▸ **What you are asked to do**:
Transcribe the stretch of entries below from the line with "de Barlach Heuer)" through the line with "KR PAN 4,5EH", exactly and with both ends included; leave out all other lines.

▸ **Record extracts**:
^^^^^^^^^^^^^^^^
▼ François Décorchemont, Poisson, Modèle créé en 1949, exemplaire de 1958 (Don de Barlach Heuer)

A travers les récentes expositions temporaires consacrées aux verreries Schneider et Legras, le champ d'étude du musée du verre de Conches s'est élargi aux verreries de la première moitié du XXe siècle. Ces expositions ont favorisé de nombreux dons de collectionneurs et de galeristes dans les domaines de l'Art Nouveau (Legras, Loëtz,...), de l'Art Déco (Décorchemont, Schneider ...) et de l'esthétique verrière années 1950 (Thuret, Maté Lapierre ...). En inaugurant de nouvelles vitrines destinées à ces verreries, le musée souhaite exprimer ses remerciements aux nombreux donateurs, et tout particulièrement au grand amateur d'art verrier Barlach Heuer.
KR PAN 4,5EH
^^^^^^^^^^^^^^^^
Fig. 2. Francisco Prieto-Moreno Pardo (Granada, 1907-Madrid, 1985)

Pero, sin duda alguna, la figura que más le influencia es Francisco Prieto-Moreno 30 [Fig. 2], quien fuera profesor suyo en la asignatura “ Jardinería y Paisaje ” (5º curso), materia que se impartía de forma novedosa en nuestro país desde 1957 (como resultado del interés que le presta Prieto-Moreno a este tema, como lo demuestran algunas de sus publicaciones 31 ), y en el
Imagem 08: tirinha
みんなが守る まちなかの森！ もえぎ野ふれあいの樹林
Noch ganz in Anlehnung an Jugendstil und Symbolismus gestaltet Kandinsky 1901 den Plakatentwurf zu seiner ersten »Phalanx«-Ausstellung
^^^^^^^^^^^^^^^^
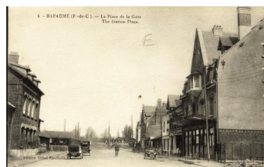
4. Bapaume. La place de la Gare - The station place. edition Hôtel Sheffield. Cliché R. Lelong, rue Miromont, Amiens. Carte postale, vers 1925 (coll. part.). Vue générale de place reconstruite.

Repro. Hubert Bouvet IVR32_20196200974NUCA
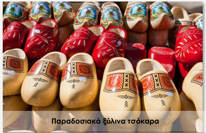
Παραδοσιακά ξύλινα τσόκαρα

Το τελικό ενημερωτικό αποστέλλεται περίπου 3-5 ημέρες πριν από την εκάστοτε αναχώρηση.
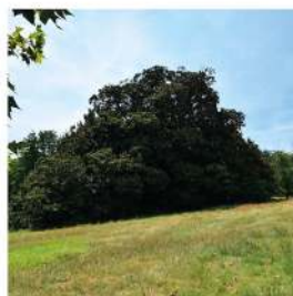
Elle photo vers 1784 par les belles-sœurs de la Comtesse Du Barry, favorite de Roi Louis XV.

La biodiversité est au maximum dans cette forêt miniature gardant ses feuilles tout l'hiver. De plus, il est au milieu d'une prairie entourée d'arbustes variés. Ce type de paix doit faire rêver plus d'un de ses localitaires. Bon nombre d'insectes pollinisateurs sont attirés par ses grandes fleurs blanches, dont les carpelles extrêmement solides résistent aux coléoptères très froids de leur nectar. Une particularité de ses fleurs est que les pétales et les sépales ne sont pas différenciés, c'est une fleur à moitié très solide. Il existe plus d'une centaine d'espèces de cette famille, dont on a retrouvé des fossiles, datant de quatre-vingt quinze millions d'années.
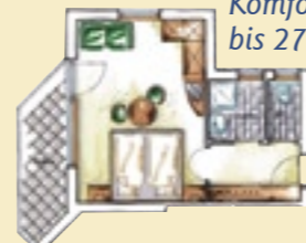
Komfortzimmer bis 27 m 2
^^^^^^^^^^^^^^^^
▸ **Result for this exercise**:
▼ François Décorchemont, Poisson, Modèle créé en 1949, exemplaire de 1958 (Don de Barlach Heuer)

A travers les récentes expositions temporaires consacrées aux verreries Schneider et Legras, le champ d'étude du musée du verre de Conches s'est élargi aux verreries de la première moitié du XXe siècle. Ces expositions ont favorisé de nombreux dons de collectionneurs et de galeristes dans les domaines de l'Art Nouveau (Legras, Loëtz,...), de l'Art Déco (Décorchemont, Schneider ...) et de l'esthétique verrière années 1950 (Thuret, Maté Lapierre ...). En inaugurant de nouvelles vitrines destinées à ces verreries, le musée souhaite exprimer ses remerciements aux nombreux donateurs, et tout particulièrement au grand amateur d'art verrier Barlach Heuer.
KR PAN 4,5EH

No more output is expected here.